THE TWENTIETH AMENDMENT WAS SUPPOSED TO DO AWAY WITH THE "LAME DUCK" CONGRESS: SO WHY HAVE WE SPENT THE LAST DAYS OF 2010 WATCHING ONE?

"A very undesirable legislative condition." That is how the Senate Committee on the Judiciary, gathering in 1932, referred to the period after a bi-annual election and before the swearing in of the new Congress. The committee was describing reasons why the nation should adopt what turned out to be the twentieth amendment to the Constitution. This is the amendment which moved the beginning of the elected terms of federal offices to January from the original March date following the year of election. As the committee explained, the March date had been established in the 18th century when legislators needed a few months to close their home town affairs and move by horse-drawn coach to Washington. Such a long-drawn out period had no purpose in a faster world. But there was another reason for changing it: as Sen. George Norris, of Nebraska (pictured left), later one of those whom Sen. John F. Kennedy featured in his "Profiles in Courage," claimed, the lame duck session encouraged a kind of political fraud in which the Congress which had just been repudiated came back to meet, now absent any political mandate.

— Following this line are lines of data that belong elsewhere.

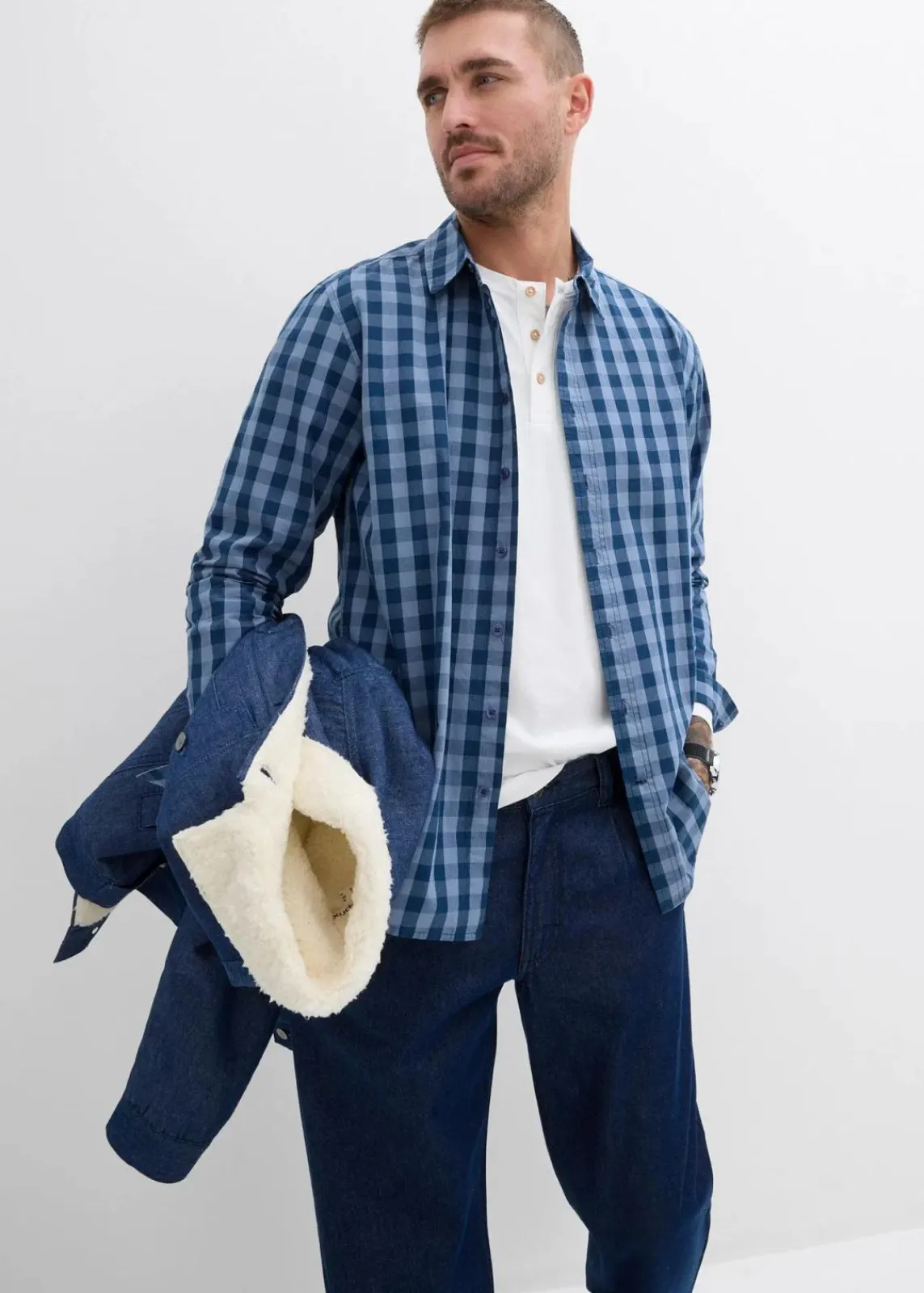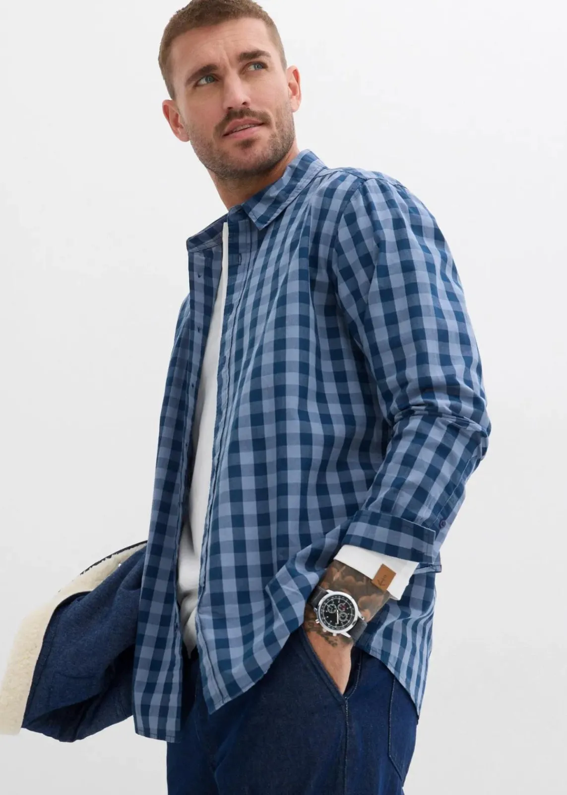 modernes Langarmhemd in Karo-Optik aus hautfreundlicher reiner Bio-Baumwolle
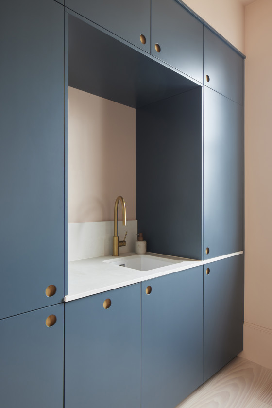 Londonbaserade Studio Merlin står bakom denna helrenoverade lägenhet som utgör ett lugnt och harmoniskt hem för ett par i norra London. Projektets smeknamn, Maison Pour Dodo som kan översättas från franska till ”hus för sömn”, inspirerades av parets önskan om att skapa ett vilsamt hem som hade få störande material. Resultatet blev en förnyad lägenhet där en mjuk, dämpad färgpalett i douce färger och ljust trä bidrar till den lugnande atmosfären. Dinesen Douglas används över bostadens två plan för att skapa en bas av lugn i form av golv, trappor och designade snickerimöbler och interiörlösningar.
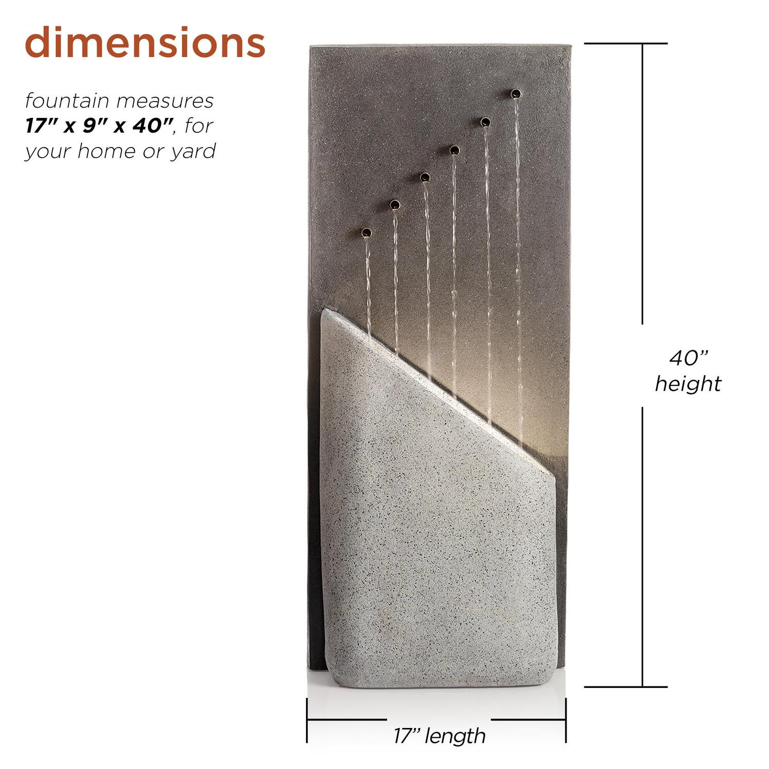- Fountain statue measures 17″L x 9″W x 40″H, the perfect size for your yard
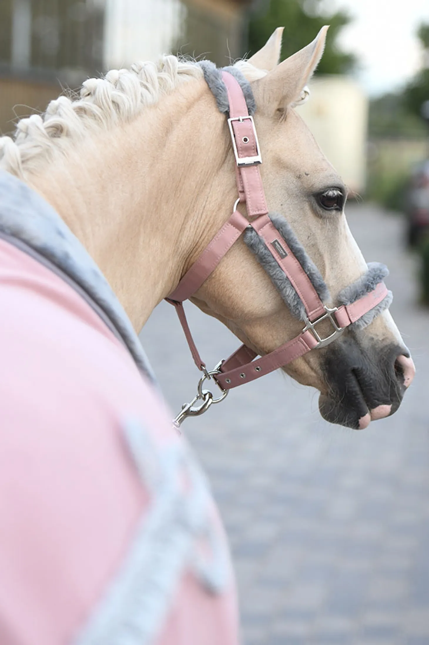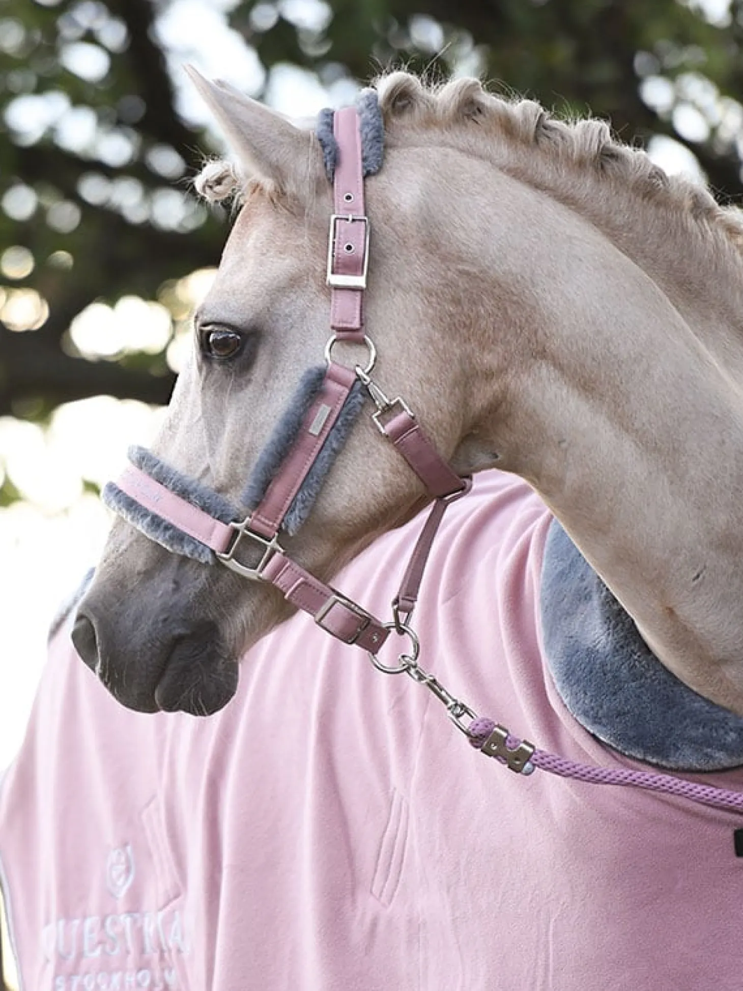 Flauschiges und kuscheliges Halfter mit weichem Teddy-Fleece-Kunstfell. Entworfen in elegantem Rosa, mit grauem Teddyfell und silbernen Schnallen. Verziert mit dem stilvollen Equestrian Stockholm Abzeichen in Silber und Equestrian Stockholm Logo auf dem Nasenriemen. Kombinieren Sie das Halfter mit anderen Teilen aus der Pink Kollektion für einen stilvollen Look von Kopf bis Fuß.
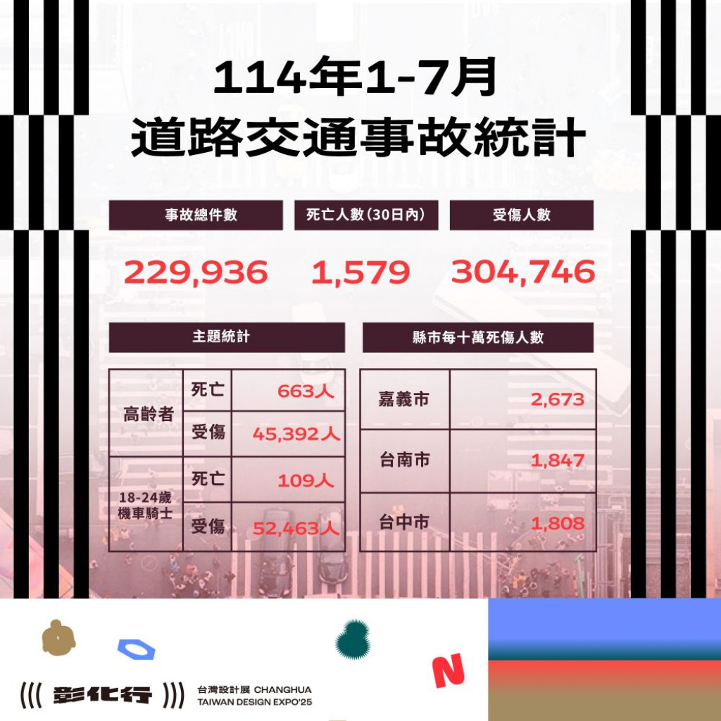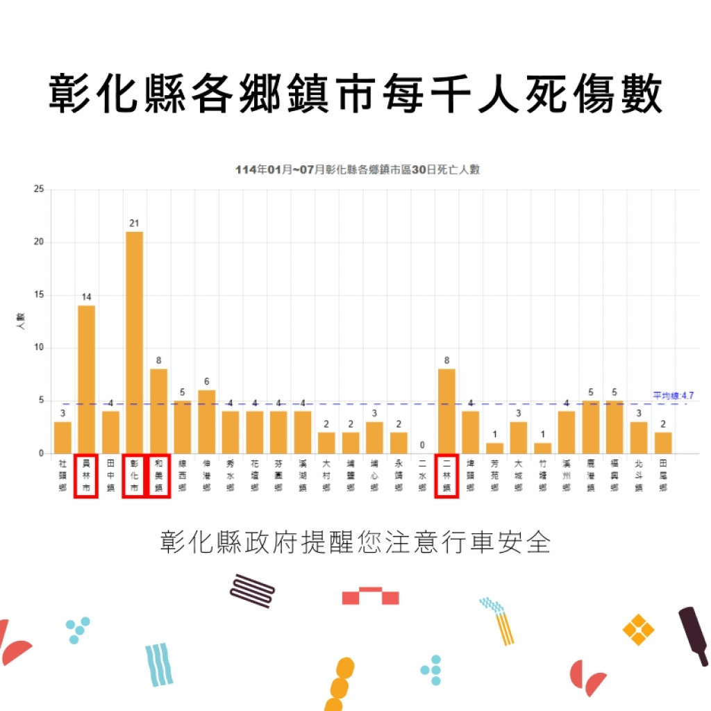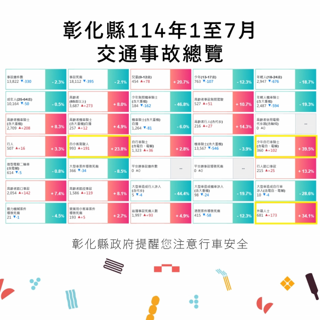 根據交通部道安資訊查詢網統計快覽數據跟112年同期比較分析,以少年自行車騎士(含電自、電輔) 事故增加39.5%最高,外籍人士事故增加34.1%次之,自小客車駕駛人增加23.8%再次之。1-7月份30日鄉鎮市每千人死傷人數於「彰化市、員林市、二林鎮、和美鎮」為多,肇事熱點以「彰化市」為多,合先敘明。
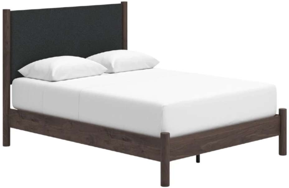 Includes upholstered panel headboard, platform footboard with rails and roll slats
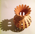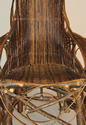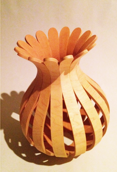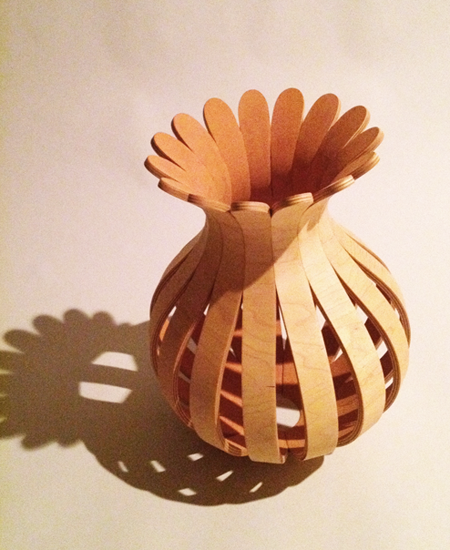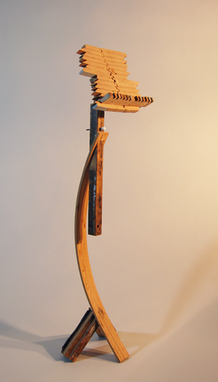 This vessel, pierced by light, was constructed using bent lamination followed by coopering, a traditional barrel-making process. It leans slightly to suggest the rays of sunlight that angle down through clouds. It casts an alternating pattern of shadow and light.
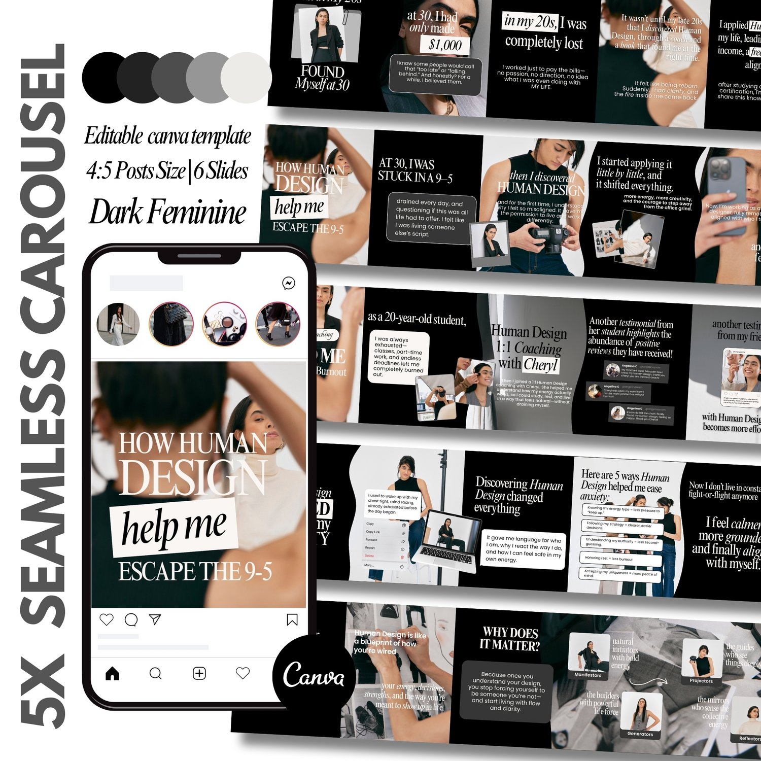 ✅ 5 Seamless Carousel Templates (6 slides each – 1080x1350 px, 4:5 ratio)
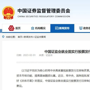 2023年2月1日,《中国证监会就全面实行股票发行注册制主要制度规则向社会公开征求意见》(以下简称《意见》)发布。同日,全面实行股票发行注册制改革正式启动。

An end to lame duck sessions had long been a Progressive era goal. But when it finally passed, it needed a compromise: Congress would close not on the day after the election but on January 3, meaning that a lame duck session could still meet, albeit with seven weeks to do its work instead of the seventeen that the original Constitution's March date had offered. The thought was that real emergencies could make a lame duck session crucial to the business of the country and, in fact, during the succeeding decades, war was the primary motivator for a sitting Congress to return even though elections had chosen a new one.

Then, starting in 1994, when Newt Gingrich and the "Contract for America" gave President Clinton and the Democrats a bruising, lame duck sessions became the norm. The lame duck passed a new GATT (General Agreement on Tariffs and Trade) treaty that year, creating the World Trade Organization. Another impeached President Clinton in 1998. A third created the Department of Homeland Security in 2002. So, naturally, few complained this year when the lame duck 111th Congress passed tax relief, an end to "Don't Ask, Don't Tell," and now considers a new START treaty. But are these really "emergencies" or attempts to work out agreements before a new Congress, more hostile to Democrats, takes office in January?